Il est plus juste de dire certains savants religieux chiites et pas tous, loin de là hélas ! Mais il est vrai que certains éléments doctrinaux du chiisme permettent une plus grande ouverture vers la recherche scientifique sur le Coran. La thèse chiite de la falsification de la version officielle du Coran, déclarée ouvertement et majoritairement pendant les trois premiers siècles de l’islam, puis discrètement et minoritairement jusqu’à nos jours, comporte des notions qui ne peuvent qu’être approuvées par les historiens : la dépendance historique de la transmission et de la rédaction des Écritures à leurs contextes politique et social, l’articulation entre les sources scripturaires et le pouvoir ou encore la connivence entre les autorités politiques et religieuses dans l’élaboration des Écritures. Par ailleurs, on sait que le courant théologique rationaliste des moutazilites a disparu assez tôt en tant que tel mais il continua à vivre à travers le chiisme rationaliste jusqu’à aujourd’hui. Cette présence forte de la pensée rationnelle islamique, à l’origine très redevable à la dialectique aristotélicienne, permet également la possibilité d’une plus grande ouverture du chiisme à une perception renouvelée de la Tradition.

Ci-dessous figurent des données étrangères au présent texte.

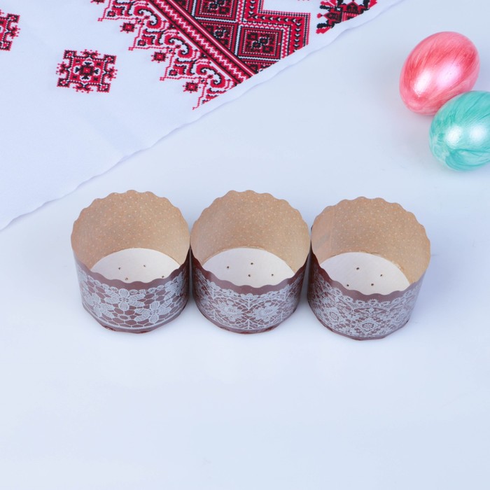 Форма для выпечки кулича бумажная Деко-про «Кружево серебряное», одноразовая, 6×4.5 см, МИКС
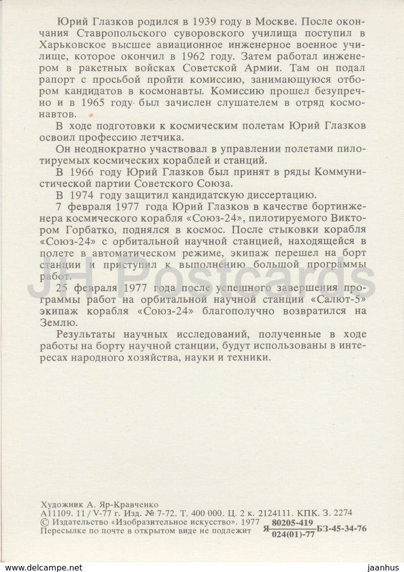 Cosmonaute soviétique Yuri Glazkov - espace - 1977 - Russie URSS - inutilisé
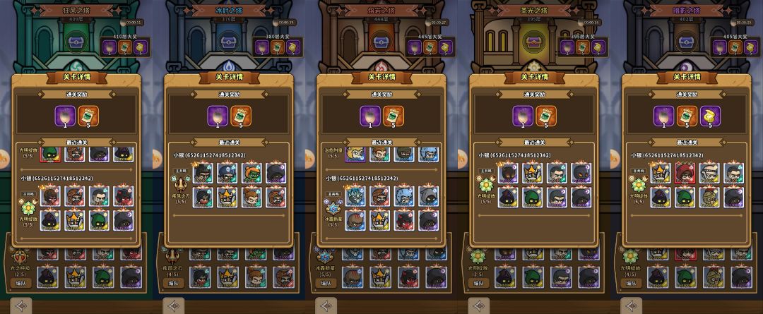 再说塔。每过5层塔会赠送5张普通至宝券,200层塔的契约加成无论是钻石或者攻击都很可观,所以冲塔也是中后期必须要做的事情。法师输出乏力、猎人仅有治愈流在火塔可以一战,所以这两个职业不再多说。天赋足够的情况下,使用光明绽放搭配对应克制属性的战士可以轻松冲到五个塔的三百层,以下各塔的终极搭配不一定完美,可以作为参考,期待各位不断研究出新玩法。
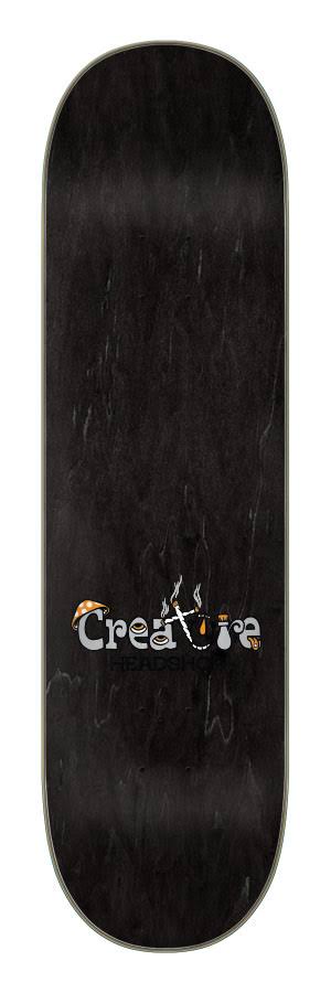 Creature Skateboards Milton Martinez Brain Gone Powerply deck with art by Jesse Thompson @jessecalifornia. Patent Pending chip resistant Powerply technology features two black layers of reinforcement material in the nose and tail, replacing the crosser wood plies of a standard 7 ply deck.
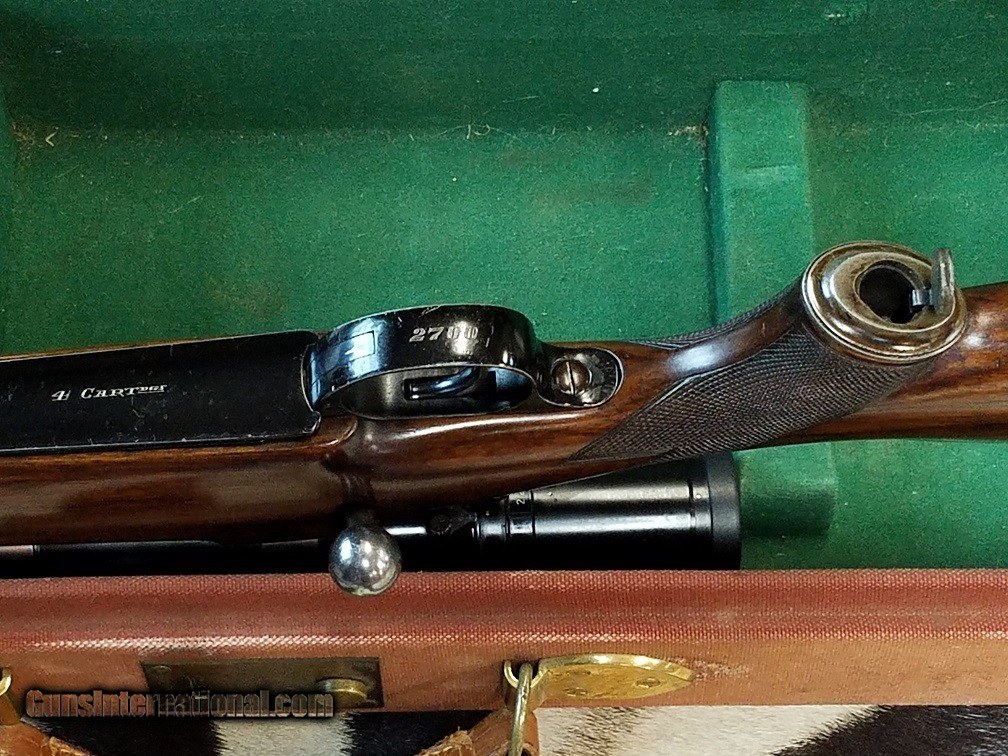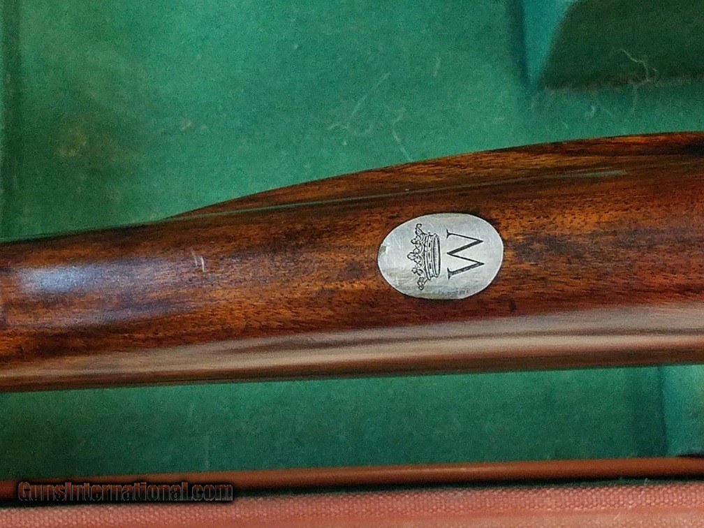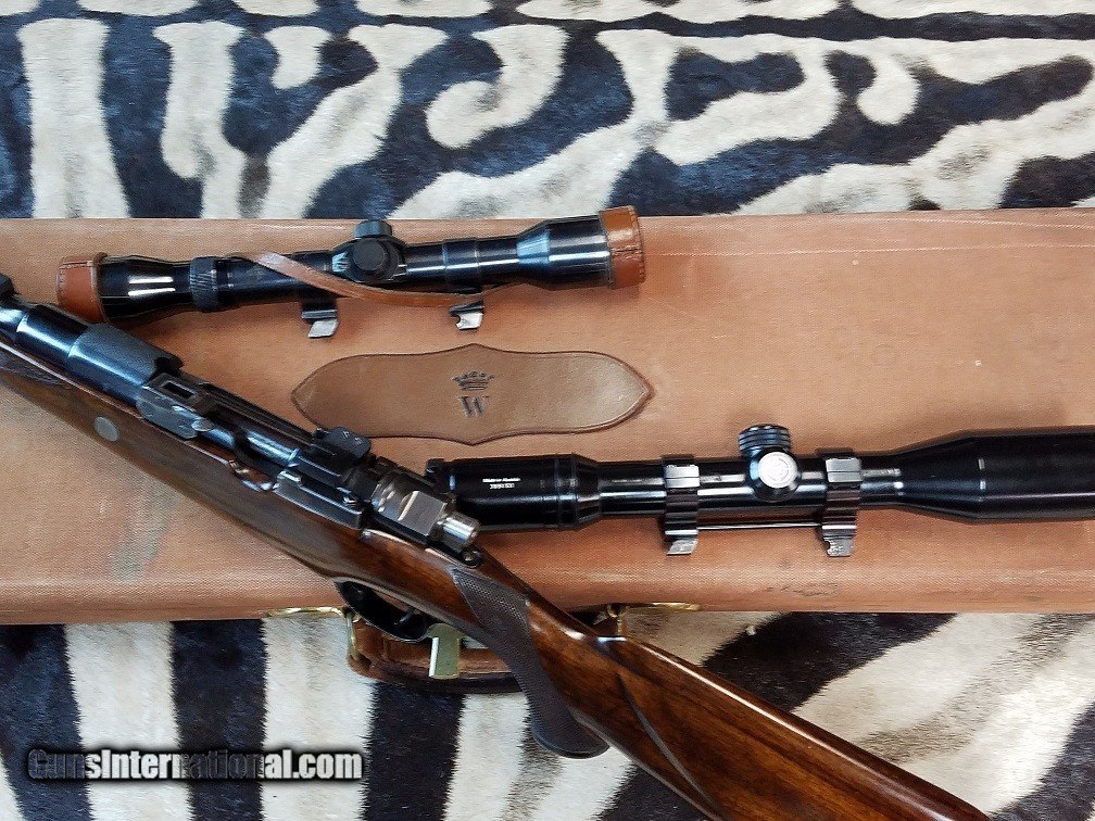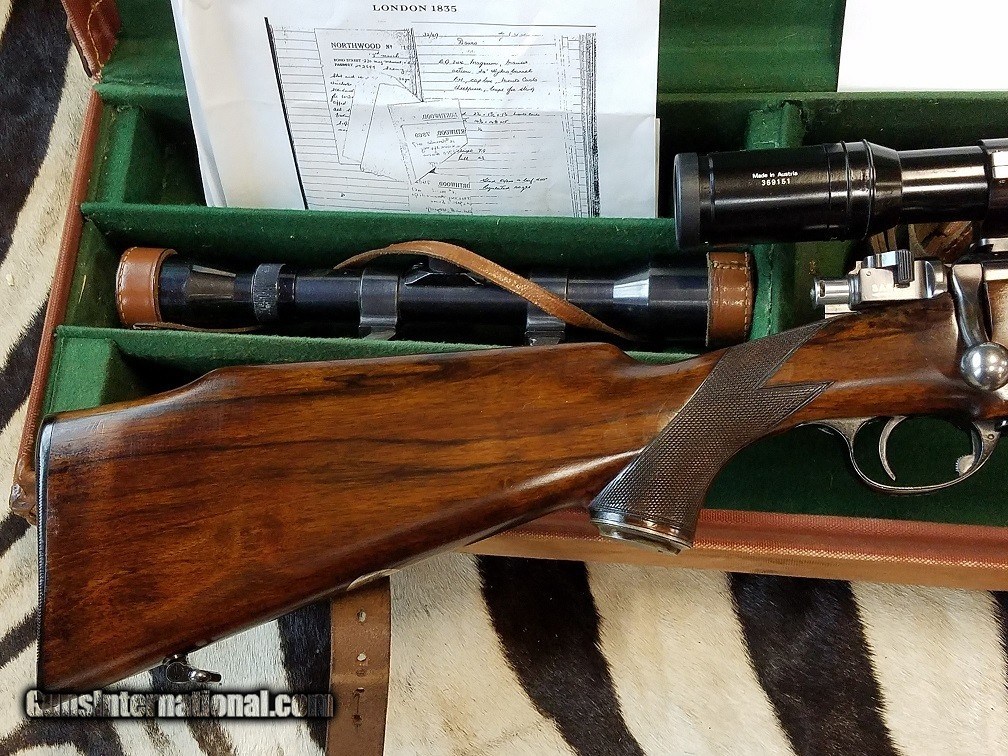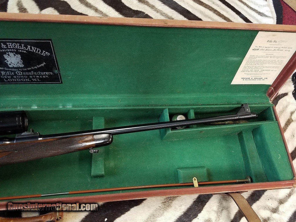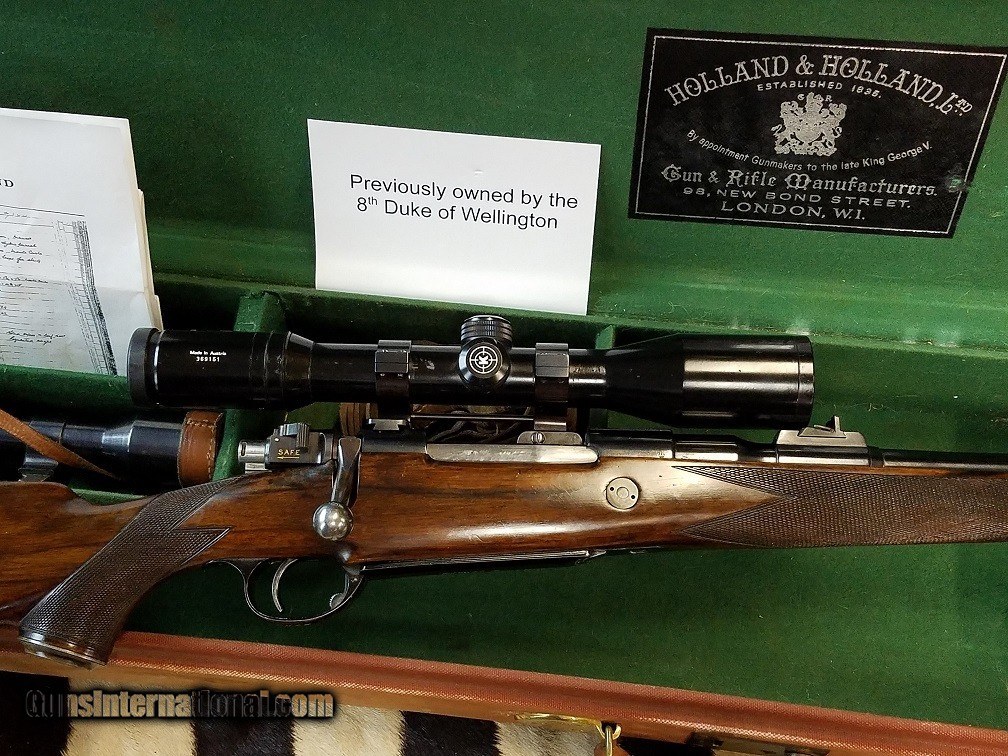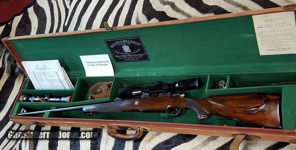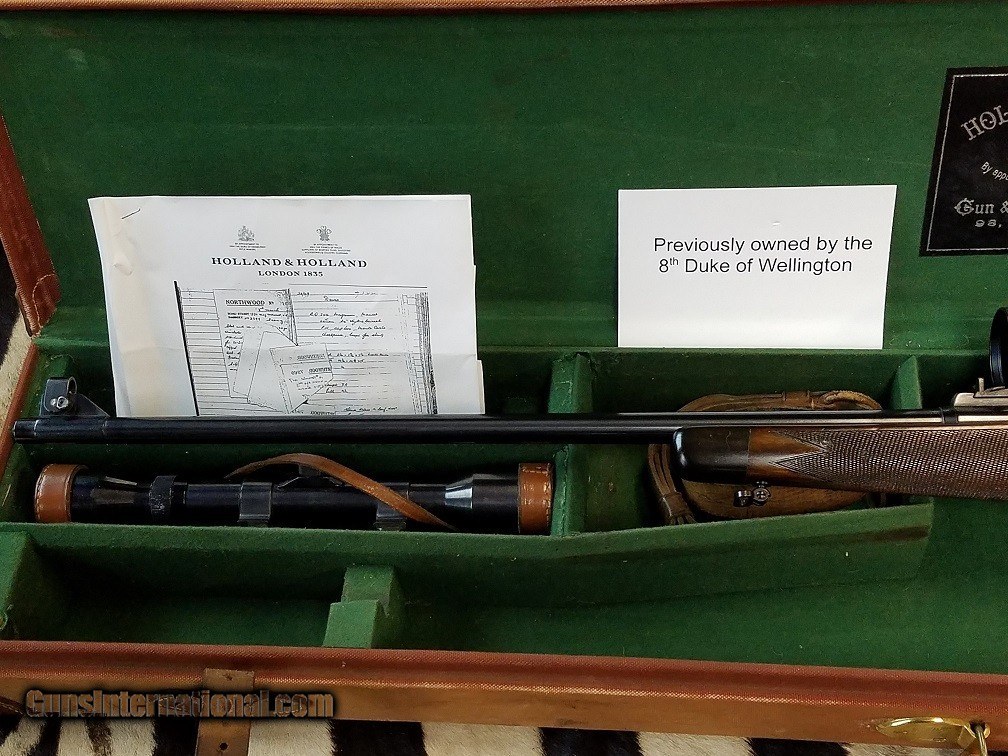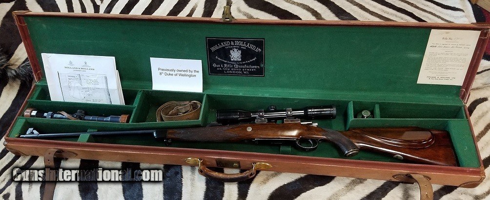 Description: HOLLAND & HOLLAND 300 H&H BEST QUALITY BOLT ACTION RIFLE. MADE IN 1956 FOR THE DUKE OF WELLINGTON. IT WAS CONVERTED IN 1991 FROM .244 TO .300 BY HOLLAND & HOLLAND FOR THE DUKE. IT HAS AN H&H HARDCASE WITH THE CARTUCHE STAMPED WITH A "W" ON TOP. THE STOCK ALSO HAS A CROWN AND "W" INLAYED. THE RIFLE COMES WITH TWO SCOPES WITH H&H MOUNT AND RINGS. ONE SCOPE IS ORIGINAL B NICKEL SUPRA 4X36 WITH RINGS ENGRAVED WITH H&H ON TOP. THE SECOND SCOPE IS A KAHLES 2.2X9 WITH H&H RINGS. THE RIFLE HAS A 24 3/4" BARREL WITH A BLOCK MOUNTED BEAD FORESIGHT AND FOLD OVER HOOD. THE LENGTH OF PULL IS 13 3/4". THIS IS A GREAT OLD RIFLE IN THE ORIGINAL CASE WITH PAPERWORK FROM H&H AND SOME HISTORY ON THE DUKE. SOLD |

Comment Le Coran des historiens a-t-il été accueilli par les lecteurs musulmans ?
On met de côté les réactions agressives de deux groupes : les musulmans apologètes ou fanatiques et puis les non-musulmans idéologues et polémistes. Pour répondre à votre question précise, au niveau des individus, Guillaume Dye et moi-même, nous avons reçu un très grand nombre de réactions fort positives de la part d’amis, de collègues, d’universitaires et d’intellectuels ou de simples croyants. En revanche, les milieux, les personnalités et les institutions religieux brillent par leur silence. Comment interpréter ce silence ? La méfiance ? L’indifférence ? L’ignorance de l’existence de notre livre ? On manque encore de recul pour y répondre. La seule exception est l’Iran, pays des paradoxes. Sur le site de deux universités théologiques chiites de la ville de Qom, il y a eu des présentations très élogieuses du livre. On y soulignait, entre autres, les différentes qualités scientifiques de l’ouvrage, le grand intérêt pour les musulmans de connaître les derniers résultats de la recherche occidentale sur le Coran, même s’ils ne sont pas d’accord avec tous ces résultats, ou encore la nécessité de débats entre croyants et historiens. Pour autant, je ne me fais pas beaucoup d’illusions : je suis presque certain que les auteurs de ces présentations n’ont pas lu les 4000 pages de notre livre et que ces réactions positives sont éminemment politiques puisque probablement en rapport avec la guerre idéologique sans merci qui fait rage entre Iraniens chiites et Séoudiens wahhabites. N’empêche que ces pages existent et elles contribuent à la diffusion « des frémissements » bénéfiques dont je parlais plus haut.

Propos recueillis par Annie Laurent

(1) Le Coran silencieux et le Coran parlant (CNRS Éditions, 2011) et Controverses sur les écritures canoniques de l’islam, avec Daniel de Smet (Cerf, 2014).
(2) Robert Laffont, Bouquins, 2007.
(3) Éditions Téraèdre, 2004, p. 65.
(4) Le Temps, Genève, 22 janvier 2011.